Description of the task
Pictures stay out; please output the remaining data exactly.

Material provided
==*==

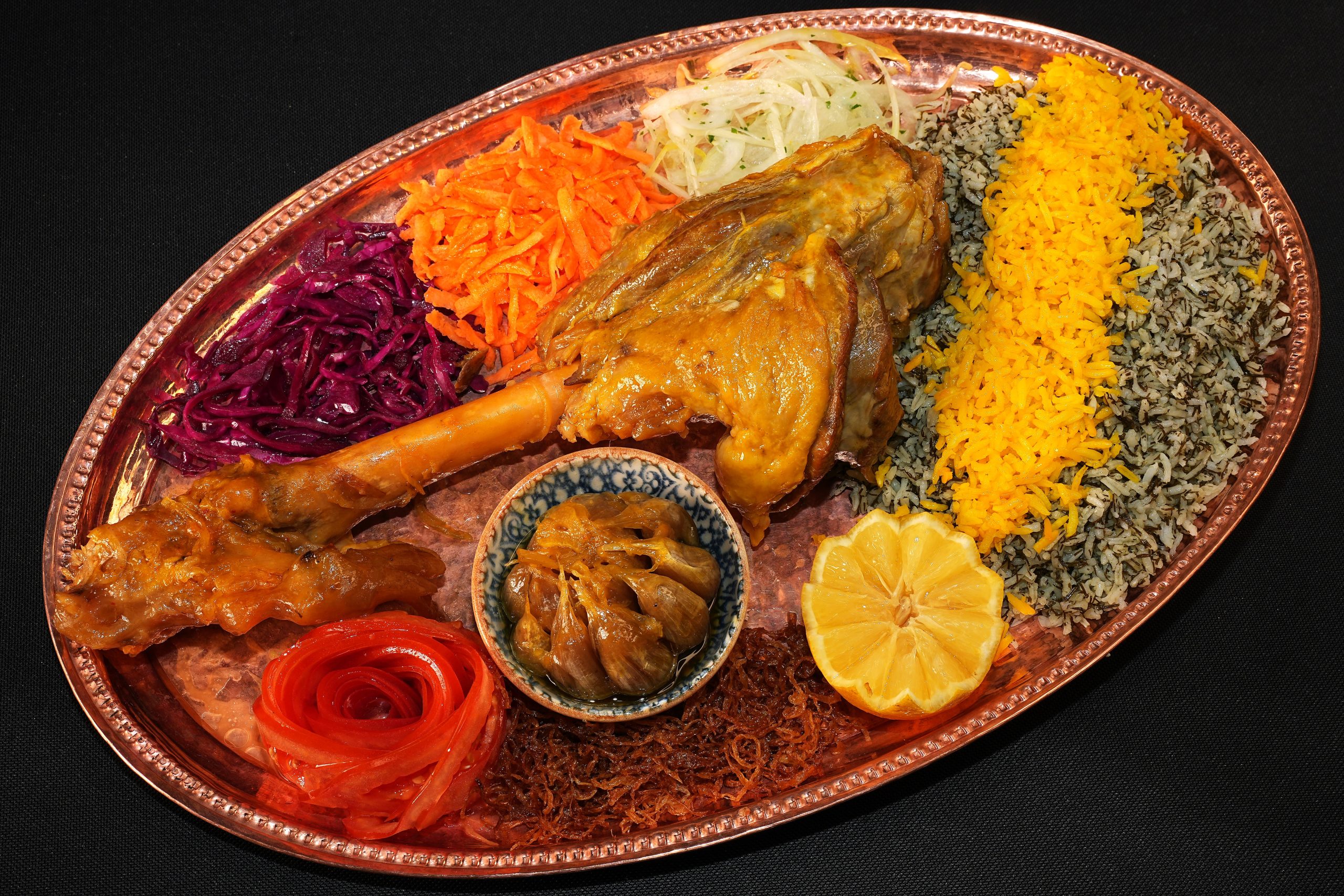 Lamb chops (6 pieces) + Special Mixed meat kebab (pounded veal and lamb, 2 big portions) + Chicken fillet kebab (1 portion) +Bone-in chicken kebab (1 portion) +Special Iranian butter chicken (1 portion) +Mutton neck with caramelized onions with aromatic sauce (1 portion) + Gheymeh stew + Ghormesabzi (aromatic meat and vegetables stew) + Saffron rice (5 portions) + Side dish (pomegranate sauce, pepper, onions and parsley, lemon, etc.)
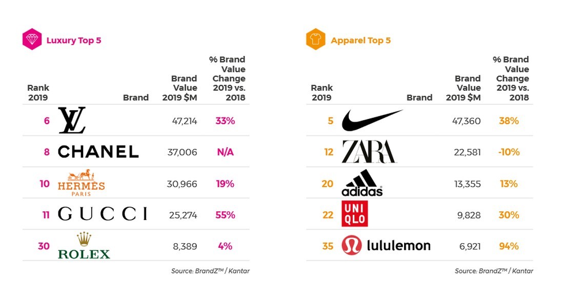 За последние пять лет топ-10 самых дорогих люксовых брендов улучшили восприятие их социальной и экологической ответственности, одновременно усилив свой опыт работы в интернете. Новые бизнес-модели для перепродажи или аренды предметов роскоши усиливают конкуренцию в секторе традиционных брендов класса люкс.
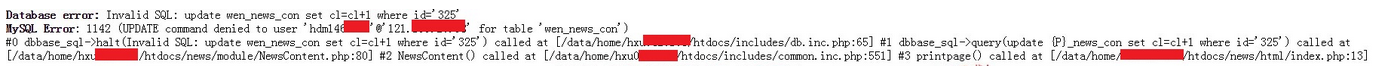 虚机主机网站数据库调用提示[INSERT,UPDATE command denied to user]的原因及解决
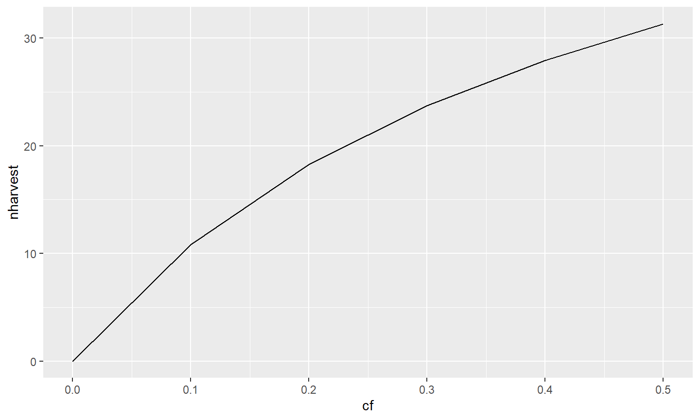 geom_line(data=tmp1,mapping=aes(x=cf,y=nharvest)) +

==*==

Solution for this task
 Lamb chops (6 pieces) + Special Mixed meat kebab (pounded veal and lamb, 2 big portions) + Chicken fillet kebab (1 portion) +Bone-in chicken kebab (1 portion) +Special Iranian butter chicken (1 portion) +Mutton neck with caramelized onions with aromatic sauce (1 portion) + Gheymeh stew + Ghormesabzi (aromatic meat and vegetables stew) + Saffron rice (5 portions) + Side dish (pomegranate sauce, pepper, onions and parsley, lemon, etc.)
 За последние пять лет топ-10 самых дорогих люксовых брендов улучшили восприятие их социальной и экологической ответственности, одновременно усилив свой опыт работы в интернете. Новые бизнес-модели для перепродажи или аренды предметов роскоши усиливают конкуренцию в секторе традиционных брендов класса люкс.
 虚机主机网站数据库调用提示[INSERT,UPDATE command denied to user]的原因及解决
 geom_line(data=tmp1,mapping=aes(x=cf,y=nharvest)) +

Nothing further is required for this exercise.